§ Your goal
Set down all of the records exactly, leaving none out.

§ Listed entries

◇ ◇ ◇ ◇

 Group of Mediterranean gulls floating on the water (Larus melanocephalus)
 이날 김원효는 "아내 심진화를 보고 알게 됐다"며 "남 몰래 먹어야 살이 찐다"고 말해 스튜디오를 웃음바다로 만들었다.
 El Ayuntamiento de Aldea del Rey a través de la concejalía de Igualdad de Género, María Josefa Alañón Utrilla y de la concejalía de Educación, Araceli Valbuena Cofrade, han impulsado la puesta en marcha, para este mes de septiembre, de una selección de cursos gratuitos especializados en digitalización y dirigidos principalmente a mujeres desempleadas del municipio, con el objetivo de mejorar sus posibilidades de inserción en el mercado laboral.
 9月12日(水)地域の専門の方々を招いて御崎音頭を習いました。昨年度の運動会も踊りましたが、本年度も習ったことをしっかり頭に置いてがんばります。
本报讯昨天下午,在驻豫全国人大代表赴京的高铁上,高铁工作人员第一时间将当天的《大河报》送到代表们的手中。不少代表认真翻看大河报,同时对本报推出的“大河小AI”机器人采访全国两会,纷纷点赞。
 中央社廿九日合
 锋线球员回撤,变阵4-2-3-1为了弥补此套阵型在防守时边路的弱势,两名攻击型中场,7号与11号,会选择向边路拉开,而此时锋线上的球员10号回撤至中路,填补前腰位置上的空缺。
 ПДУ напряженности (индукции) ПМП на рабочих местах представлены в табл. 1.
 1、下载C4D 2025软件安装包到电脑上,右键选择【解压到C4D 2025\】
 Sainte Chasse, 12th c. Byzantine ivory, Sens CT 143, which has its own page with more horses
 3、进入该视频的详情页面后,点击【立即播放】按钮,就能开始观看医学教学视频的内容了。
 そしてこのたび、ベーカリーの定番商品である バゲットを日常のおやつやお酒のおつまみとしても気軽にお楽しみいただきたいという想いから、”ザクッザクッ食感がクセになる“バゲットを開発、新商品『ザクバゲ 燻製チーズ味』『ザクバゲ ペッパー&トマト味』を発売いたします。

◇ ◇ ◇ ◇

§ Expected output
 Group of Mediterranean gulls floating on the water (Larus melanocephalus)
 이날 김원효는 "아내 심진화를 보고 알게 됐다"며 "남 몰래 먹어야 살이 찐다"고 말해 스튜디오를 웃음바다로 만들었다.
 El Ayuntamiento de Aldea del Rey a través de la concejalía de Igualdad de Género, María Josefa Alañón Utrilla y de la concejalía de Educación, Araceli Valbuena Cofrade, han impulsado la puesta en marcha, para este mes de septiembre, de una selección de cursos gratuitos especializados en digitalización y dirigidos principalmente a mujeres desempleadas del municipio, con el objetivo de mejorar sus posibilidades de inserción en el mercado laboral.
 9月12日(水)地域の専門の方々を招いて御崎音頭を習いました。昨年度の運動会も踊りましたが、本年度も習ったことをしっかり頭に置いてがんばります。
本报讯昨天下午,在驻豫全国人大代表赴京的高铁上,高铁工作人员第一时间将当天的《大河报》送到代表们的手中。不少代表认真翻看大河报,同时对本报推出的“大河小AI”机器人采访全国两会,纷纷点赞。
 中央社廿九日合
 锋线球员回撤,变阵4-2-3-1为了弥补此套阵型在防守时边路的弱势,两名攻击型中场,7号与11号,会选择向边路拉开,而此时锋线上的球员10号回撤至中路,填补前腰位置上的空缺。
 ПДУ напряженности (индукции) ПМП на рабочих местах представлены в табл. 1.
 1、下载C4D 2025软件安装包到电脑上,右键选择【解压到C4D 2025\】
 Sainte Chasse, 12th c. Byzantine ivory, Sens CT 143, which has its own page with more horses
 3、进入该视频的详情页面后,点击【立即播放】按钮,就能开始观看医学教学视频的内容了。
 そしてこのたび、ベーカリーの定番商品である バゲットを日常のおやつやお酒のおつまみとしても気軽にお楽しみいただきたいという想いから、”ザクッザクッ食感がクセになる“バゲットを開発、新商品『ザクバゲ 燻製チーズ味』『ザクバゲ ペッパー&トマト味』を発売いたします。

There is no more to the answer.